Exercise goal:
Look through the data below and output, unchanged, every line from the one holding "Bevor wir zu" through the one holding "TV konektor zástrčka - zásuvka typu F, měděná úhlová Min.", inclusive. Skip the pictures.

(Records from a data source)
*** Begin section ***

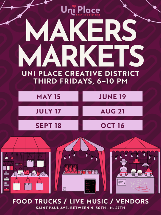 Join us on the third Friday of each month for Uni Place's first night market! May through October, 6 to 10 pm, beat the heat as the district fills with local vendors, live music, food trucks, and community under the lights. Check out the Facebook event, respond, and get ready. We're back and better than ever!
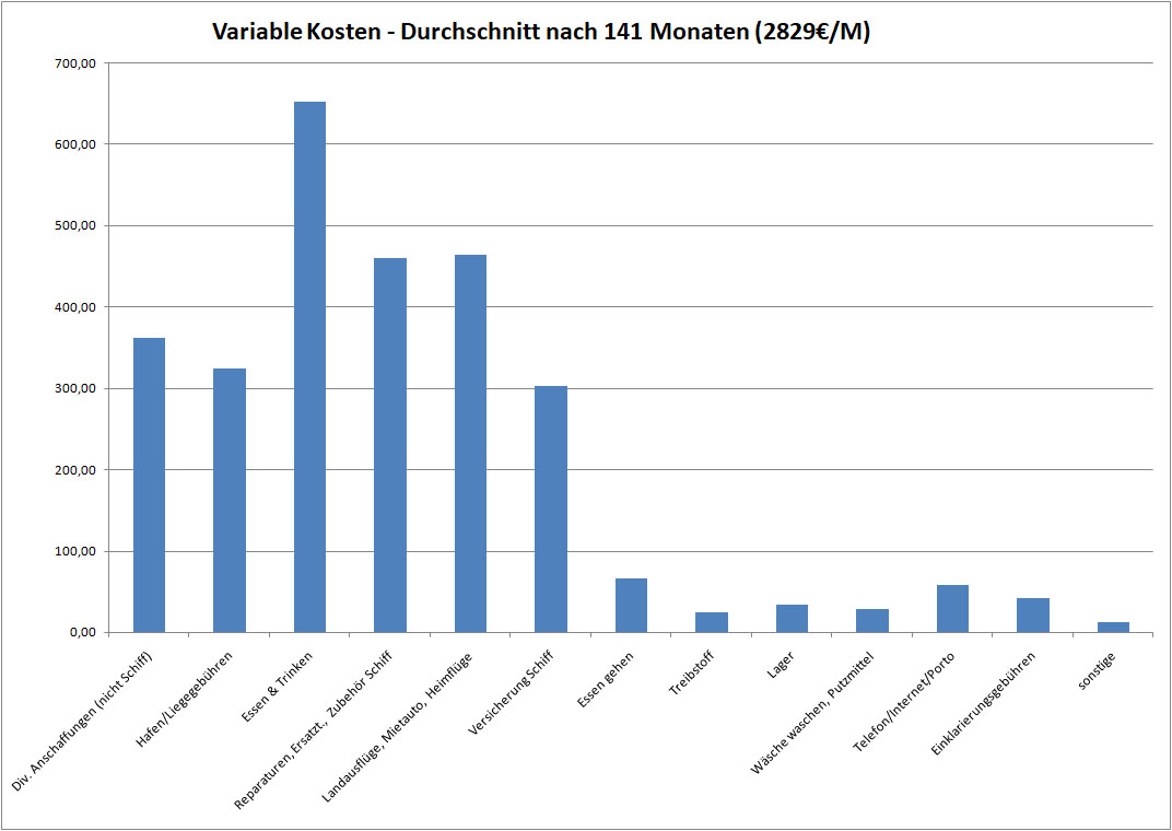 Bevor wir zu unserer Langfahrt aufgebrochen sind, haben wir uns das auch gefragt und wenige Antworten gefunden. Daher haben wir uns entschlossen, unsere Ausgaben monatlich zu veröffentlichen. Dies mag den Blauwasserseglern helfen, die ebenfalls eine Weltumseglung oder Langfahrt planen.
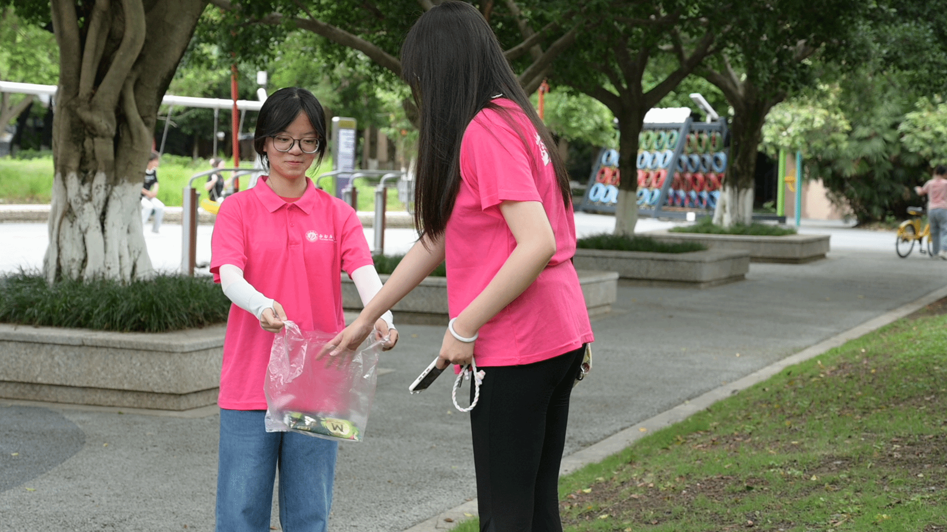 擦拭公共器材,守护居民健康。为保障居民使用安全,同学们也对辖区内的健身器材、休闲座椅等公共设施进行全面清洁维护。同学们使用专业消毒液和抹布,对每一处健身器材进行仔细擦拭和消毒,重点清洁了高频接触部位。有经常锻炼的居民表示:“这些器材我们天天用,孩子们也爱玩这些娱乐设施,平时老怕有细菌,现在消毒了也更放心了。”
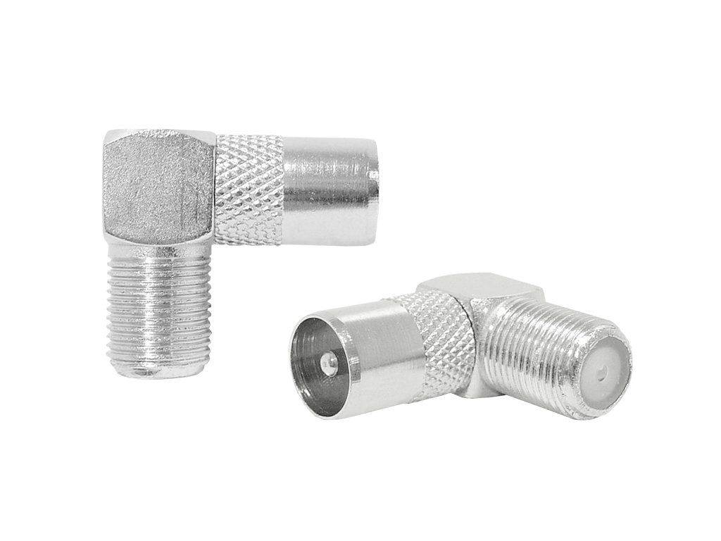 TV konektor zástrčka - zásuvka typu F, měděná úhlová Min. objednávka: 10 ks.TV konektor zástrčka - zásuvka typu F, měděná úhlová
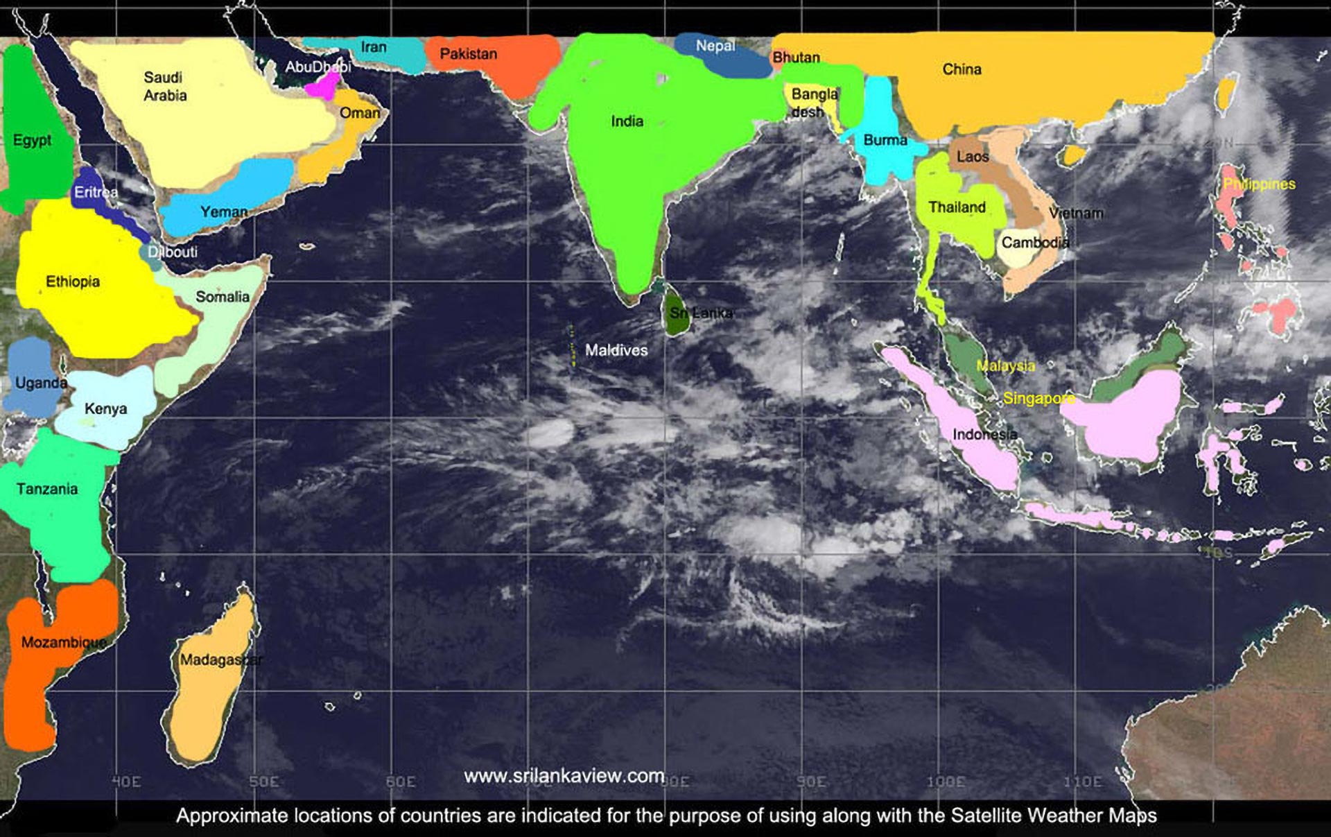 A basic knowledge on how to identify the rain clouds on a map showing Asian, Middle Eastern and East African Regions and the Indian Ocean, will enable the visitor to know exact weather conditions at the moment and the possible weather pattern for today,tomorrow or the next week also.
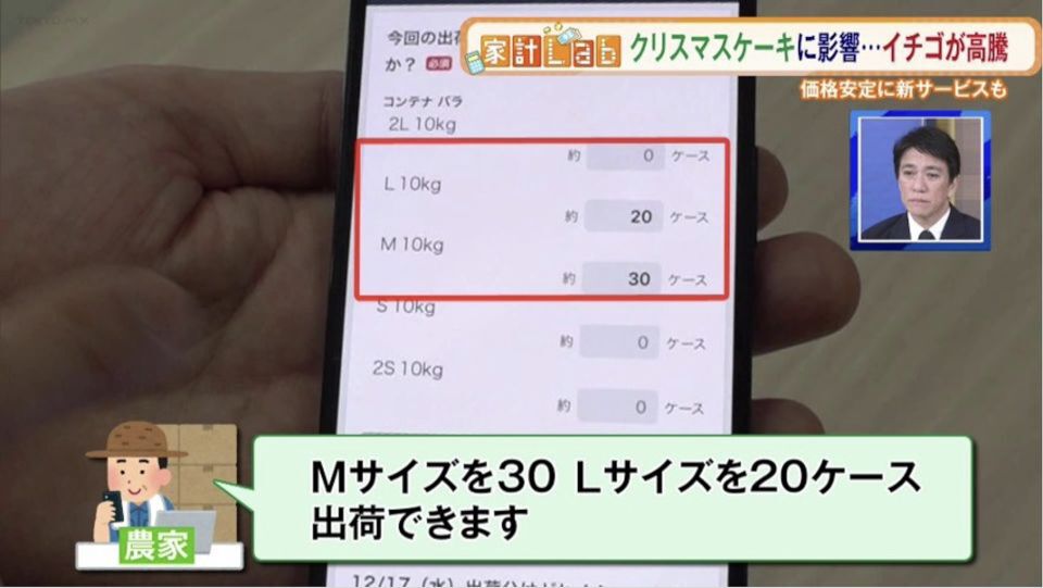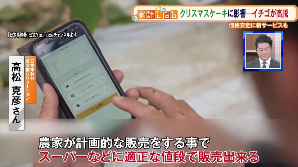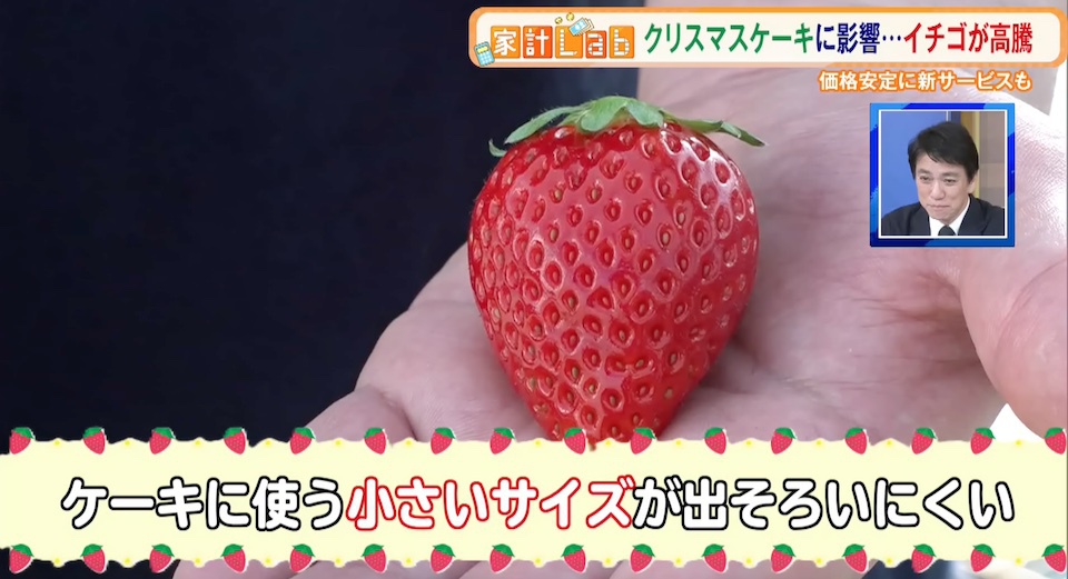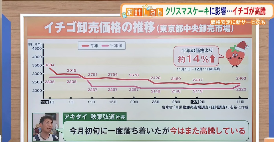 東京都中央卸売市場の今年のイチゴ卸売価格は昨年に比べ上昇。平年より約14%高騰しています。東京都にあるスーパーマーケット「アキダイ」の秋葉弘道社長によると、イチゴの価格は12月初旬に一時期安定したものの、その後再び上がっているということです。

*** End section ***

Output for this task:
 Bevor wir zu unserer Langfahrt aufgebrochen sind, haben wir uns das auch gefragt und wenige Antworten gefunden. Daher haben wir uns entschlossen, unsere Ausgaben monatlich zu veröffentlichen. Dies mag den Blauwasserseglern helfen, die ebenfalls eine Weltumseglung oder Langfahrt planen.
 擦拭公共器材,守护居民健康。为保障居民使用安全,同学们也对辖区内的健身器材、休闲座椅等公共设施进行全面清洁维护。同学们使用专业消毒液和抹布,对每一处健身器材进行仔细擦拭和消毒,重点清洁了高频接触部位。有经常锻炼的居民表示:“这些器材我们天天用,孩子们也爱玩这些娱乐设施,平时老怕有细菌,现在消毒了也更放心了。”
 TV konektor zástrčka - zásuvka typu F, měděná úhlová Min. objednávka: 10 ks.TV konektor zástrčka - zásuvka typu F, měděná úhlová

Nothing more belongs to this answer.